Took it apart one last time. Went over the intake with a fine tooth come, sealed the crap out of everything. New oring on the map sensor, epoxied the suspect nipple 100% shut from inside out, new gaskets again, tested the egr tube and tightened the crap out of it, cleaned the head mating surface again... I mean there is no freaking way this thing can leak now.
Waiting on a new IAC gasket then going to reassemble tomorrow and hook absolutely no vacuum components up. Plug the evap line, brake booster line, pcv, fresh air to the pcv, EVERYTHING! then run the engine, see if its running correct and start attaching vacuum components one at a time and watch what happens.
Speaking of the EGR...its one of the things i just looked closely at for a possible vac leak. Im still baffled how it works, the EGR tube runs from the intake to the block but the valve is at the back of the engine. Can't access it without removing the trans but the port runs through the block on the drivers side. Its fully electronic stepper motor so no vacuum lines to the valve itself but if the tube leaks its a vac leak. Also coolant lines back there that cant be fixed without pulling the trans. It has issues with maintenance but the duratec is a proven amazingly reliable motor. Its in everything, including the new rangers. The 2.3 EcoBoost is just a turbo duratec.

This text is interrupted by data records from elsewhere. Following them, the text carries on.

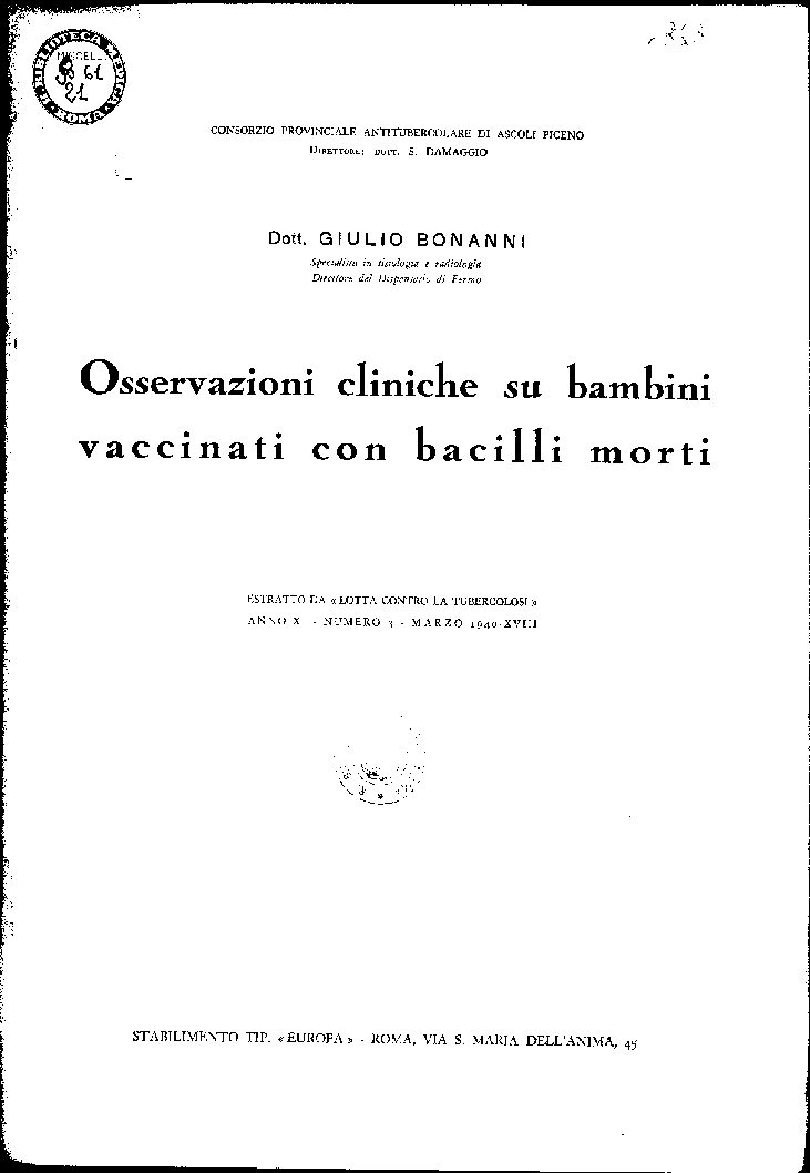 ESTRATTO DA ” LOTTA CONTRO LA TUBERCOLOSI ”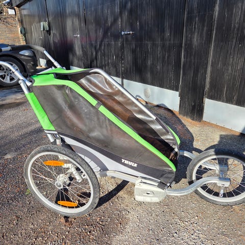 Thule Cheetah Chariot yhden lapsen erittäin kevyt pyörä-/juoksukärry. Toimii myös kävelyrattaina kääntyvien pyörien kanssa tai juoksurattaina etupyörän kanssa.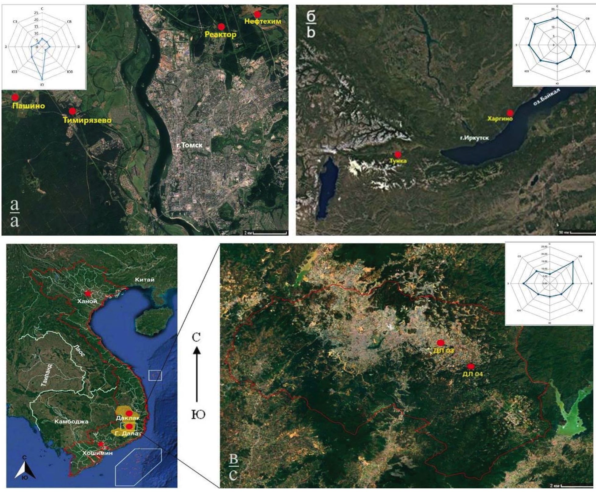 Рис. 3. Карта-схема размещения точек отбора проб: а) Томская область; б) Иркутская область и Республика Бурятия; в) г. Далат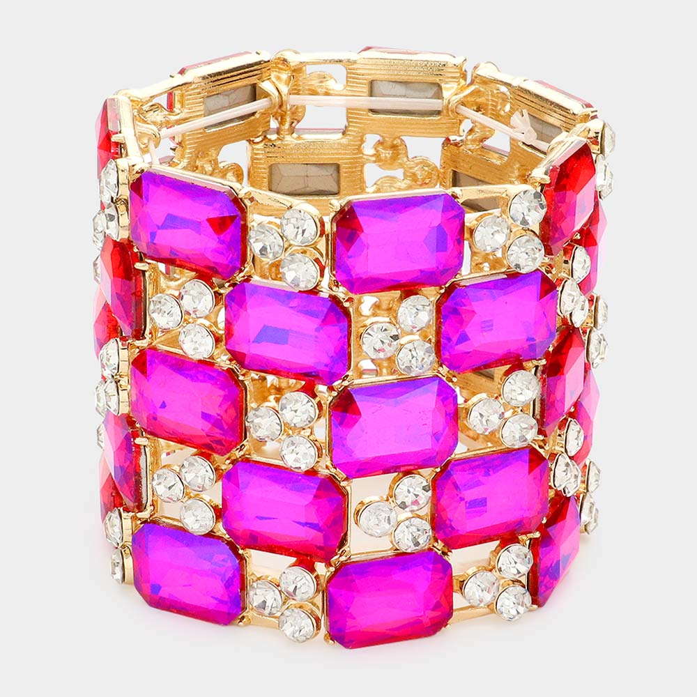 Marquise Stone Cluster Embellished Flower Stretch Evening Bracelet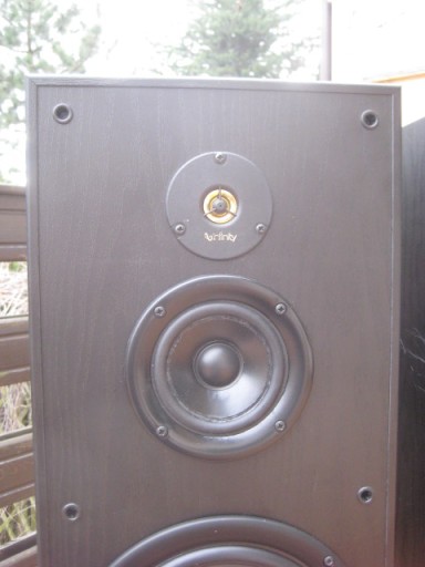 Kolumny renomowanego producenta Infinity. Kolumny (jak widać na foto :--) Stan bardzo dobry. W pełni sprawne, 100% sprawne. Kolumny wraz z maskownicami. Z boku ślady przetarć. Powstały one przy przeprowadzce. Nie ma jednak żadnych ubić.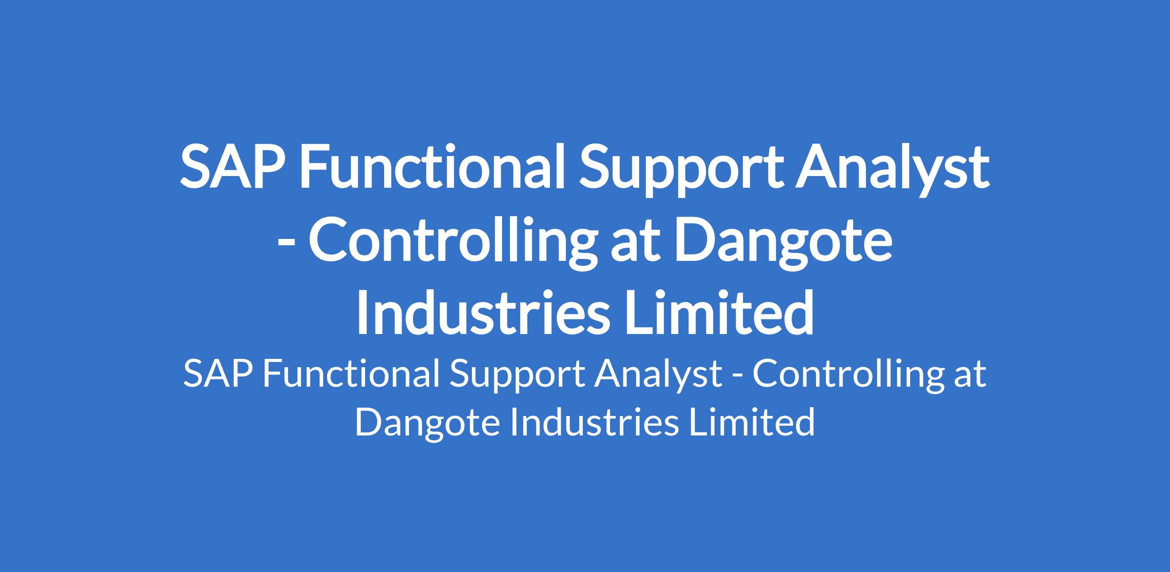Dangote Industries Limited is recruiting to fill the position of: SAP Functional Support Analyst - Controlling. The position is located in Lagos State. Interested candidates should possess an HND or Bachelor's Degree in Computer Science / Computer Engineering with 3 - 6 years of experience with relevant SAP working as a consultant or SAP CO Support Analyst.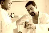 Curiosity African Asian primary school boy student wearing lab coats happy studying with chemical teacher analyzing substance liquid test in laboratory room, lifestyle learning education science class

Id take a duratec over any factory ranger engine. Even the 4.0 sohc aint much more power, is heavier, and has more maintenance problems.
Im not talking about @PetroleumJunkie412 building his crazy 2.9, im just talking stock ranger engine options.
Fixed! I think... computers "disired idle RPM" and "actual idle RPM" now match. Unplugging the IAC now causes the RPMs to drop about 150-200 rpms and fuel trims are re-learning. Long term at idle is already down from +15.6 to +9.3 and still adjusting.